-------- GIVEN INFORMATION

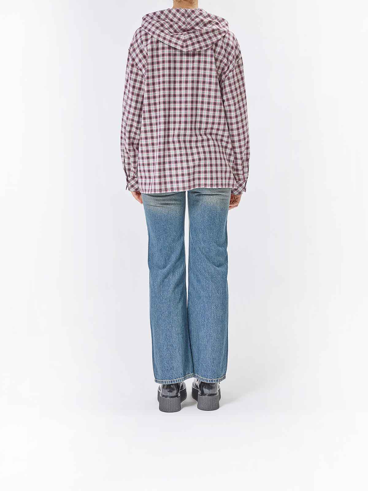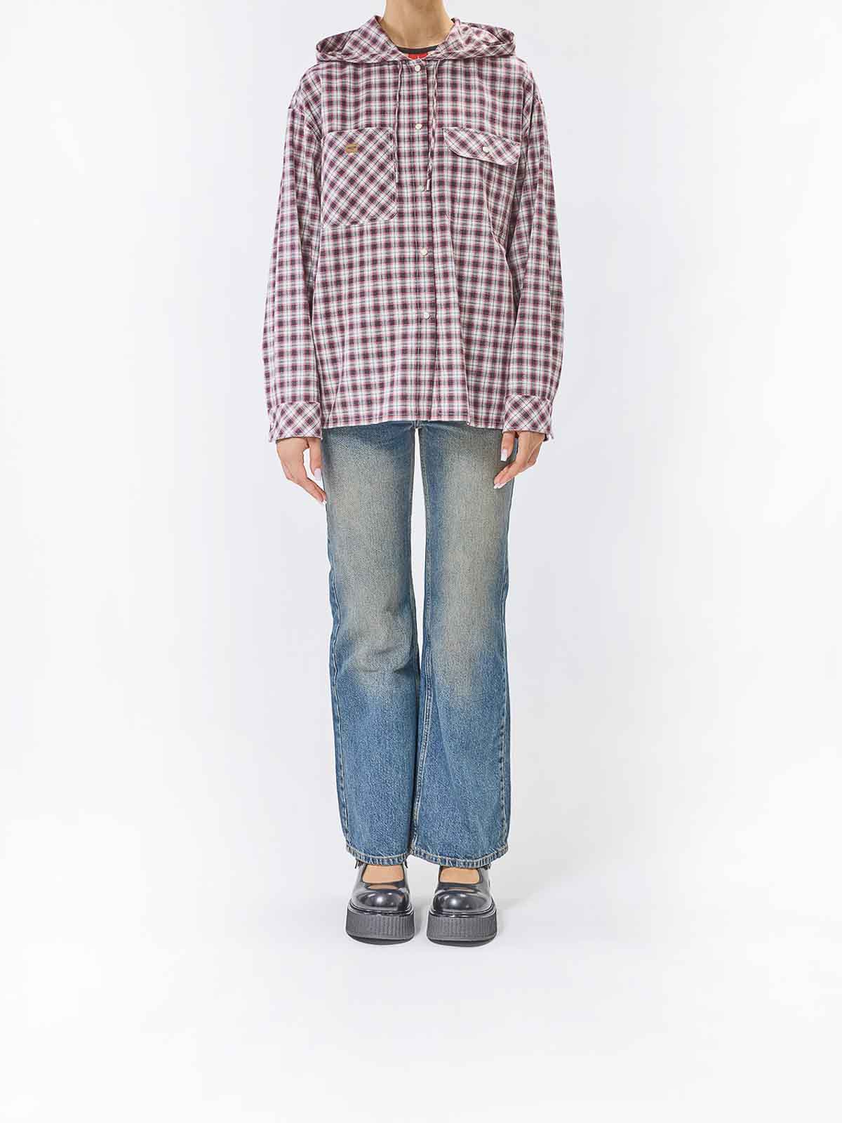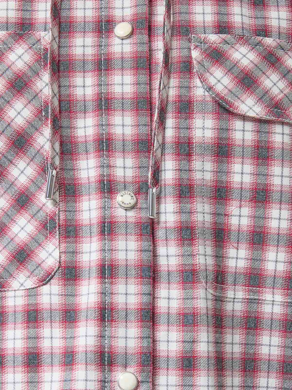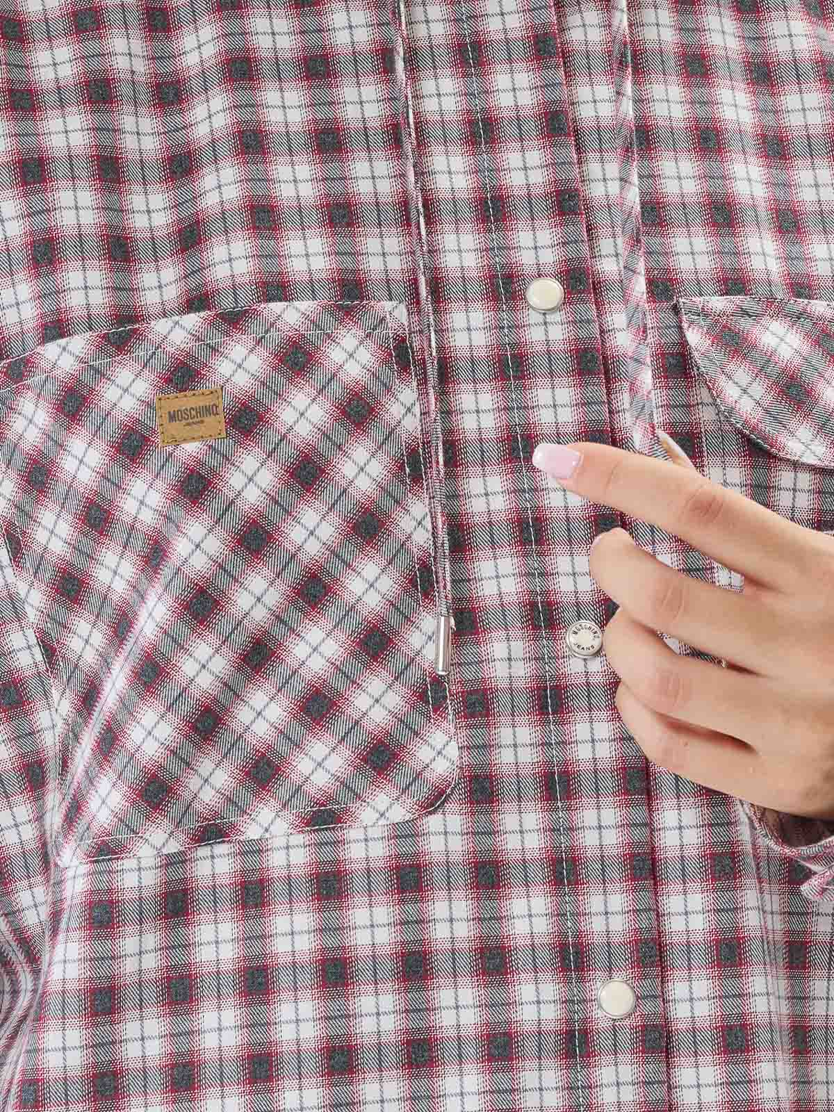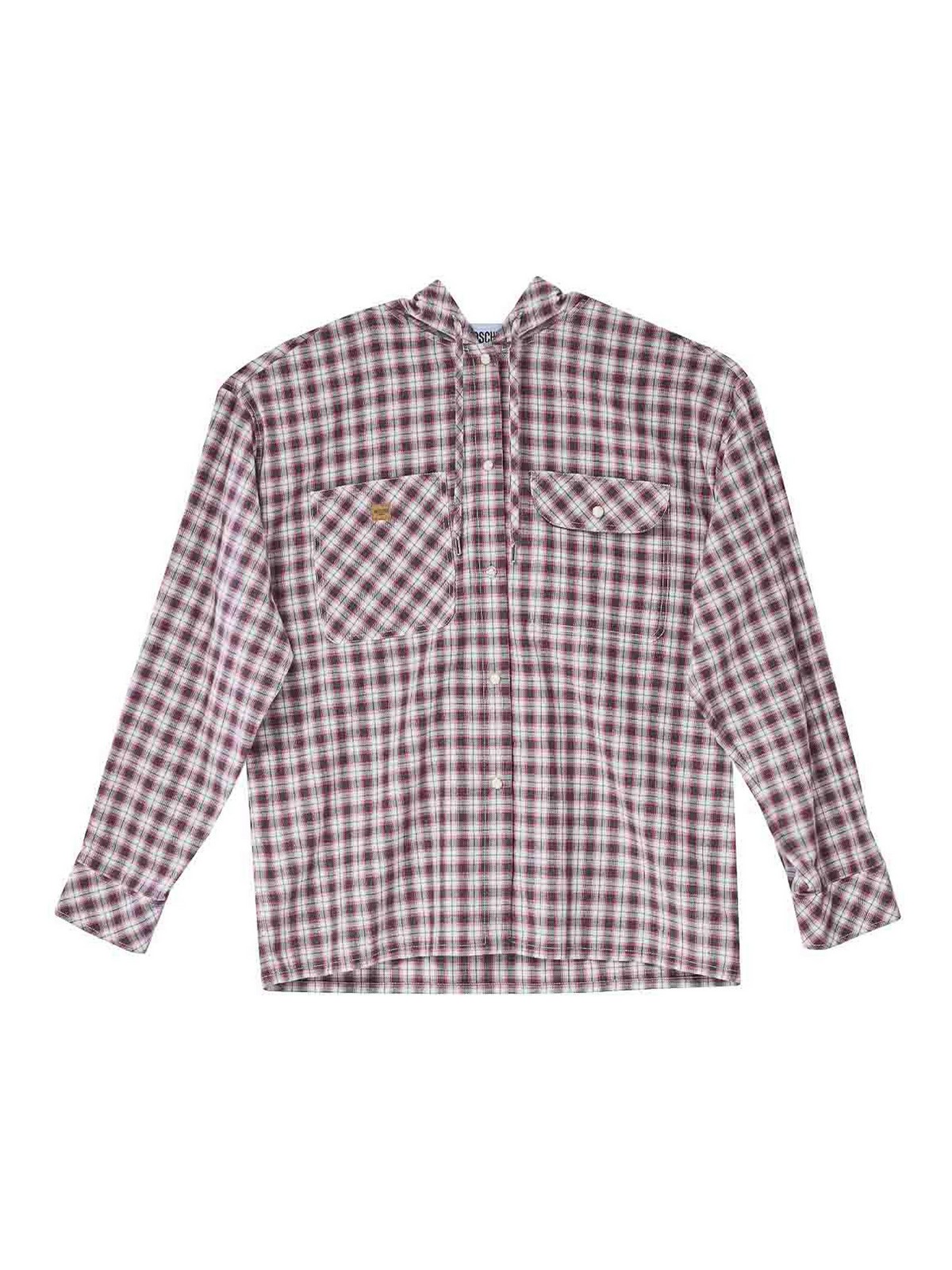 Mehrfarbiges Kapuzenhemd. Moschino Langarmhemd aus Baumwolle mit Karomuster, einer Kapuze, zwei aufgesetzten Fronttaschen und einem Druckknopfverschluss. Lange Ärmel, Karomuster, Kapuze, zwei aufgesetzte Taschen, Druckknopfverschluss, Moschino-Etikett an der Tasche. Farbe: mehrfarbig. 100% Baumwolle
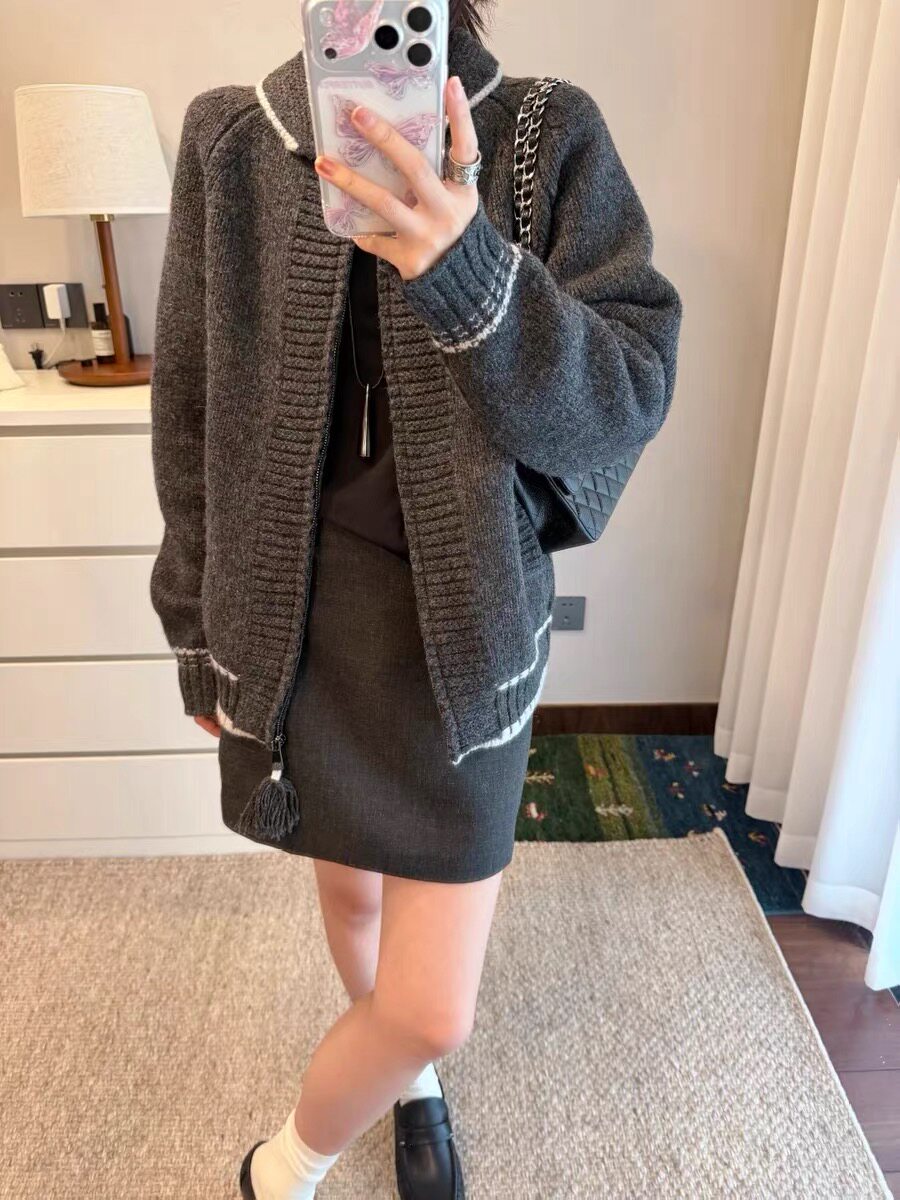 REWEAR 16164 澳大利亚进口荃羊毛重磅翻立领流苏拉链撞色针织开衫
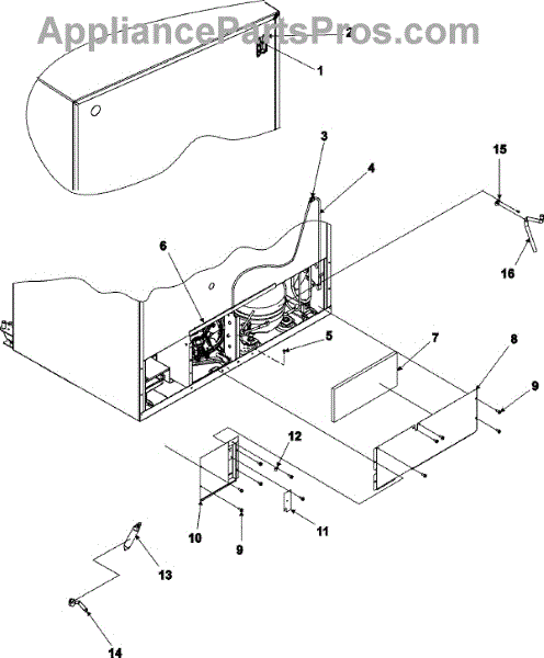 This acoustic fiber is the sound-absorbing insulation used in a refrigerator's machine compartment. Replacing a missing or damaged pad reduces operating noise from the compressor area and helps maintain the unit's intended sound levels.
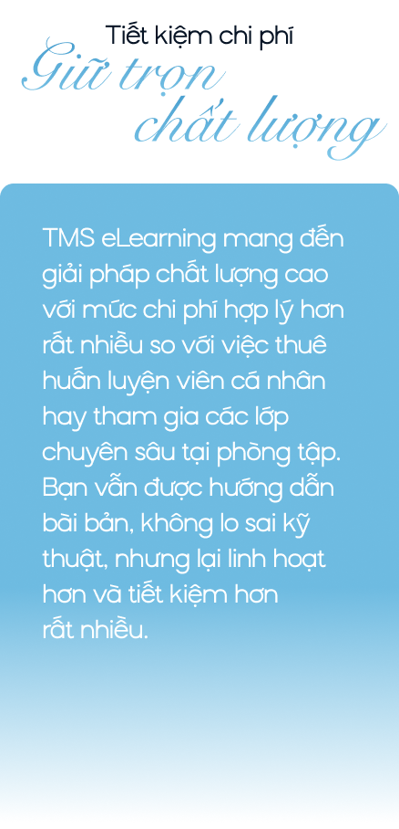 TMS eLearning thiết kế chương trình rõ ràng, tránh gây quá tải khi phải lựa chọn quá nhiều. Bạn sẽ dành nhiều thời gian hơn để tập luyện thực tế, không bị phân tâm bởi quá nhiều lựa chọn. Việc so sánh chỉ còn là bạn với chính bạn – người duy nhất cần quan tâm và phấn đấu từng ngày.
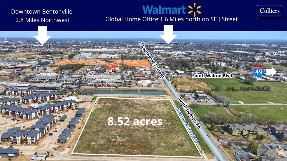Land for sale strategically positioned on the Rogers/Bentonville border along South Dodson Road near I-49. This +/- 8.52-acre development opportunity presents a rare chance to deliver a high-quality residential and mixed-use community — featuring apartments, townhomes, multi-unit homes, and ground-floor commercial — within one of Northwest Arkansas' most rapidly growing and lifestyle-driven corridors, steps from the Razorback Regional Greenway, minutes from Walmart's global home office, and adjacent to the prestigious Pinnacle Hills district.
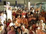 On the evening of July 1st about 30 devotees, led by Krsna dasa brahmacari, went on harinama-sankirtana in one of the busiest shopping districts of Hong Kong. The streets were full with thousands of people because it was Independence Day. When they saw and heard the harinama party, they became extremely enlivened. They began dancing with the devotees and took pictures.
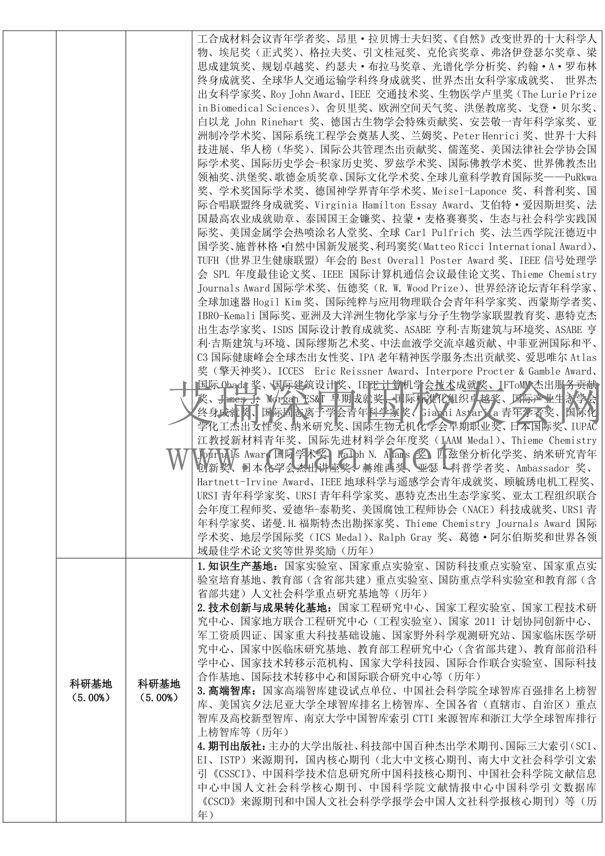 (3)增设教育部第四轮学科评估学科优秀率指标,新增墨子量子奖、地层学国际奖(ICS Medal)、Ralph Gray奖、葛德·阿尔伯斯奖和国际各领域最佳学术论文奖等近百项国际科研奖励指标,删除计划单列市科学技术奖励、哲学社会科学优秀成果奖和高等教育教学成果奖等指标。
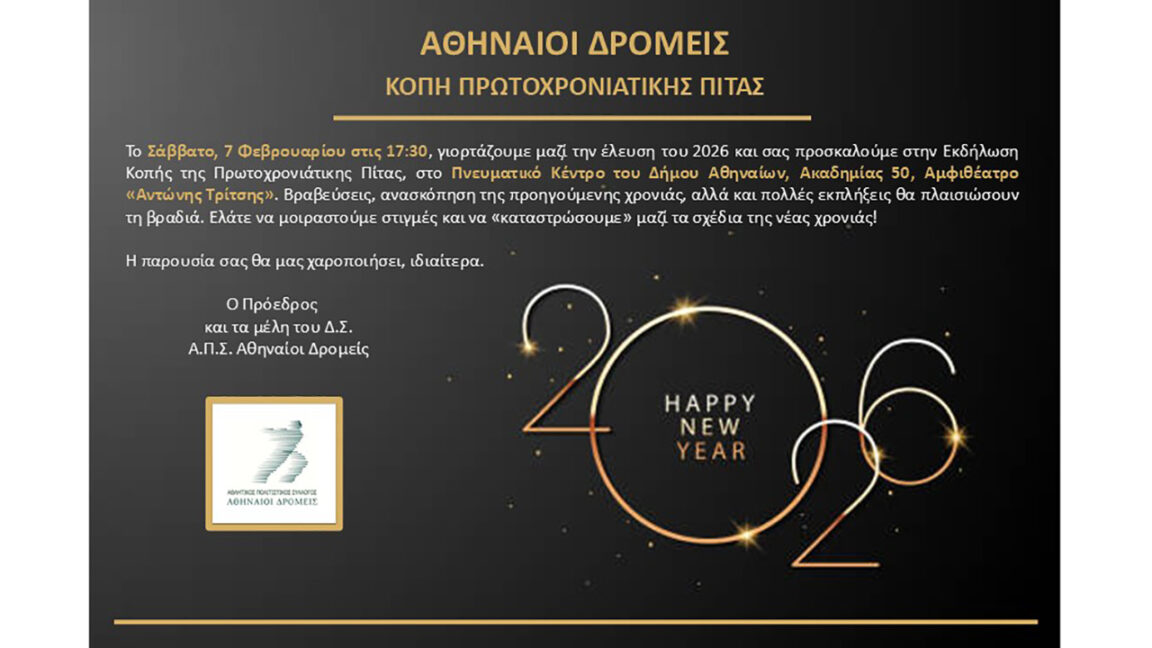 Ο ΑΠΣ Αθηναίοι Δρομείς θα πραγματοποιήσει την Κοπή της Πρωτοχρονιάτικης Πίτας του, το Σάββατο, 7 Φεβρουαρίου, στις 17:30, στο Πνευματικό Κέντρο του Δήμου Αθηναίων, Αμφιθέατρο «Αντώνης Τρίτσης», Ακαδημίας 50, Αθήνα.
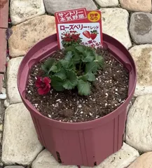 はっぱさん♡ 本気野菜!🍓 ローズベリーお迎えされたんですね〜💕 八重咲きの花びらがとても素敵ですよね💕 ウチも2月まで花を落としていたのですが今は咲かせています 楽しんで下さいね😉✨✨
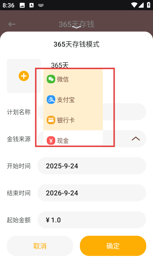 3、在365天存钱模式设置中,点击【金钱来源】,可选择【微信】【支付宝】【银行卡】等金钱来源方式。
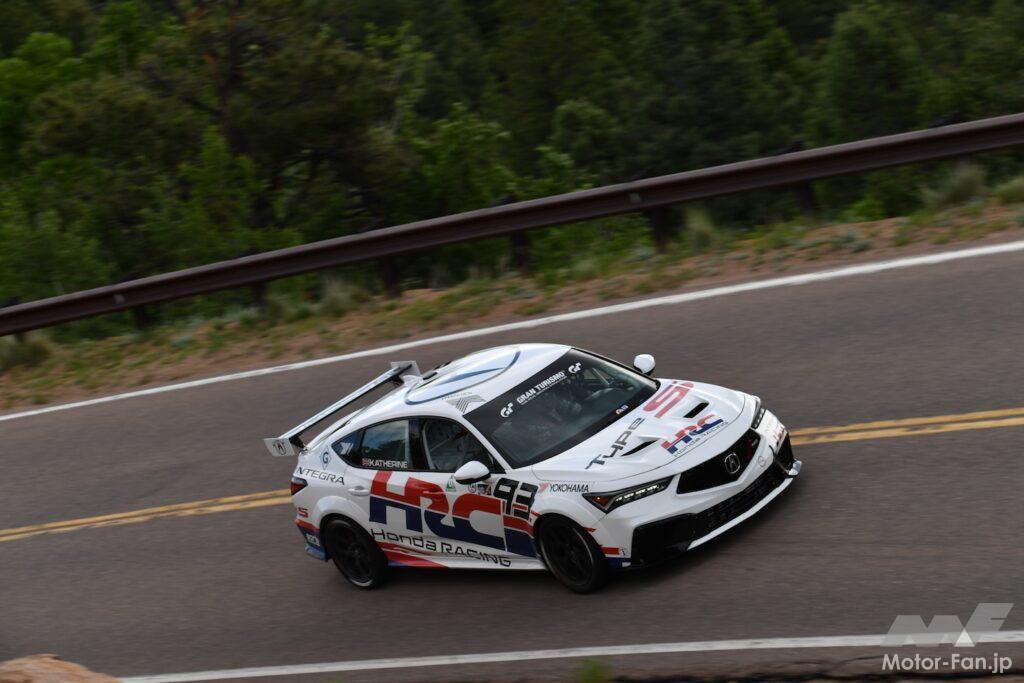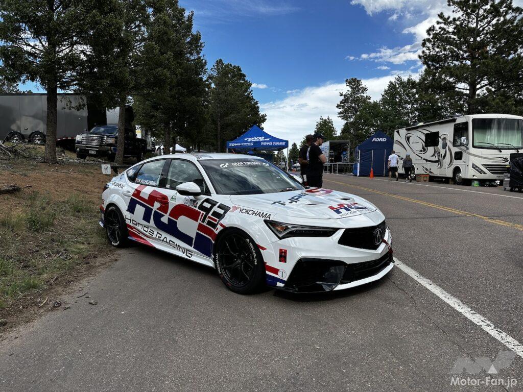 今年のパイクス・ピークでインテグラをドライブしたのは、キャサリン・レッジ選手。インディカー・シリーズにも参戦している女性ドライバーだ。タイムは10分51秒359。総合27位・クラス(タイムアタック1)5位だった。レース後に話を聞いた。コースについては、「ガードレールのないブラインドコーナーでは、約900の高さから落ちて死ぬことがあるんです。もちろん怖いです。でもビデオを見て、何度か走ったからマシになったかな。インテグラで初めて走った時は、怖かったです」と答えてくれた。

----------------

• _TRY IT_:
Give every record again without changing a word. Exclude the pictures.

• _OUTPUT OF THE EXERCISE_:
 Mehrfarbiges Kapuzenhemd. Moschino Langarmhemd aus Baumwolle mit Karomuster, einer Kapuze, zwei aufgesetzten Fronttaschen und einem Druckknopfverschluss. Lange Ärmel, Karomuster, Kapuze, zwei aufgesetzte Taschen, Druckknopfverschluss, Moschino-Etikett an der Tasche. Farbe: mehrfarbig. 100% Baumwolle
 REWEAR 16164 澳大利亚进口荃羊毛重磅翻立领流苏拉链撞色针织开衫
 This acoustic fiber is the sound-absorbing insulation used in a refrigerator's machine compartment. Replacing a missing or damaged pad reduces operating noise from the compressor area and helps maintain the unit's intended sound levels.
 TMS eLearning thiết kế chương trình rõ ràng, tránh gây quá tải khi phải lựa chọn quá nhiều. Bạn sẽ dành nhiều thời gian hơn để tập luyện thực tế, không bị phân tâm bởi quá nhiều lựa chọn. Việc so sánh chỉ còn là bạn với chính bạn – người duy nhất cần quan tâm và phấn đấu từng ngày.
Land for sale strategically positioned on the Rogers/Bentonville border along South Dodson Road near I-49. This +/- 8.52-acre development opportunity presents a rare chance to deliver a high-quality residential and mixed-use community — featuring apartments, townhomes, multi-unit homes, and ground-floor commercial — within one of Northwest Arkansas' most rapidly growing and lifestyle-driven corridors, steps from the Razorback Regional Greenway, minutes from Walmart's global home office, and adjacent to the prestigious Pinnacle Hills district.
 On the evening of July 1st about 30 devotees, led by Krsna dasa brahmacari, went on harinama-sankirtana in one of the busiest shopping districts of Hong Kong. The streets were full with thousands of people because it was Independence Day. When they saw and heard the harinama party, they became extremely enlivened. They began dancing with the devotees and took pictures.
 (3)增设教育部第四轮学科评估学科优秀率指标,新增墨子量子奖、地层学国际奖(ICS Medal)、Ralph Gray奖、葛德·阿尔伯斯奖和国际各领域最佳学术论文奖等近百项国际科研奖励指标,删除计划单列市科学技术奖励、哲学社会科学优秀成果奖和高等教育教学成果奖等指标。
 Ο ΑΠΣ Αθηναίοι Δρομείς θα πραγματοποιήσει την Κοπή της Πρωτοχρονιάτικης Πίτας του, το Σάββατο, 7 Φεβρουαρίου, στις 17:30, στο Πνευματικό Κέντρο του Δήμου Αθηναίων, Αμφιθέατρο «Αντώνης Τρίτσης», Ακαδημίας 50, Αθήνα.
 はっぱさん♡ 本気野菜!🍓 ローズベリーお迎えされたんですね〜💕 八重咲きの花びらがとても素敵ですよね💕 ウチも2月まで花を落としていたのですが今は咲かせています 楽しんで下さいね😉✨✨
 3、在365天存钱模式设置中,点击【金钱来源】,可选择【微信】【支付宝】【银行卡】等金钱来源方式。
 今年のパイクス・ピークでインテグラをドライブしたのは、キャサリン・レッジ選手。インディカー・シリーズにも参戦している女性ドライバーだ。タイムは10分51秒359。総合27位・クラス(タイムアタック1)5位だった。レース後に話を聞いた。コースについては、「ガードレールのないブラインドコーナーでは、約900の高さから落ちて死ぬことがあるんです。もちろん怖いです。でもビデオを見て、何度か走ったからマシになったかな。インテグラで初めて走った時は、怖かったです」と答えてくれた。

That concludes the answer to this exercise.